Tri menambahkan bahwa tujuan utama penataan bukan sekadar memindahkan permasalahan dari satu lokasi ke lokasi lain, melainkan menghadirkan solusi yang berkelanjutan dan mampu menjawab kebutuhan masyarakat dalam jangka panjang.
"Tujuan utama penataan ini bukan memindahkan masalah dari satu tempat ke tempat lain, melainkan menghadirkan solusi yang bisa bertahan dalam jangka panjang," tambahnya.
Pemkot Bekasi optimistis langkah penataan yang dilakukan di Pasar Pondok Gede dan Pasar Baru akan menjadi contoh bagi pembenahan kawasan strategis lainnya di Kota Bekasi. Dengan lingkungan yang lebih tertata, pemerintah berharap aktivitas ekonomi masyarakat dapat tumbuh lebih baik sekaligus meningkatkan kualitas ruang publik.

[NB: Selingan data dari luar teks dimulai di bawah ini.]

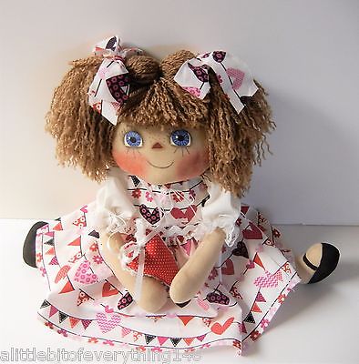 Title (ebay affiliate link): Primitive Raggedy Ann Doll "JESSICA" VALENTINE DOLL HEARTS & FLOWERS HEART ORNIE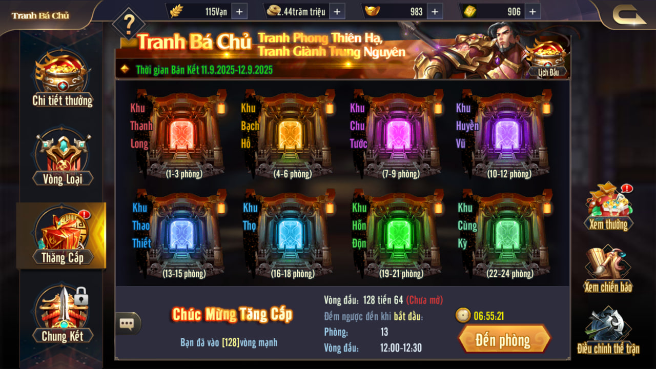 - Tùy theo quy mô sự kiện, chọn ra một số Chúa công đứng đầu trong Thành Chiến để vào vòng thăng cấp.

Ke depan, Pemerintah Kota Bekasi memastikan program penataan kawasan akan terus dilaksanakan secara bertahap sesuai kebutuhan dan kondisi di lapangan. Langkah tersebut menjadi bagian dari visi pembangunan kota yang berorientasi pada kenyamanan masyarakat, peningkatan kualitas lingkungan, dan penguatan ekonomi lokal.
Dengan komitmen tersebut, Pemkot Bekasi berharap berbagai persoalan menahun yang selama ini menjadi keluhan warga dapat diselesaikan secara bertahap, sehingga Kota Bekasi semakin tertata, modern, dan nyaman untuk seluruh masyarakat.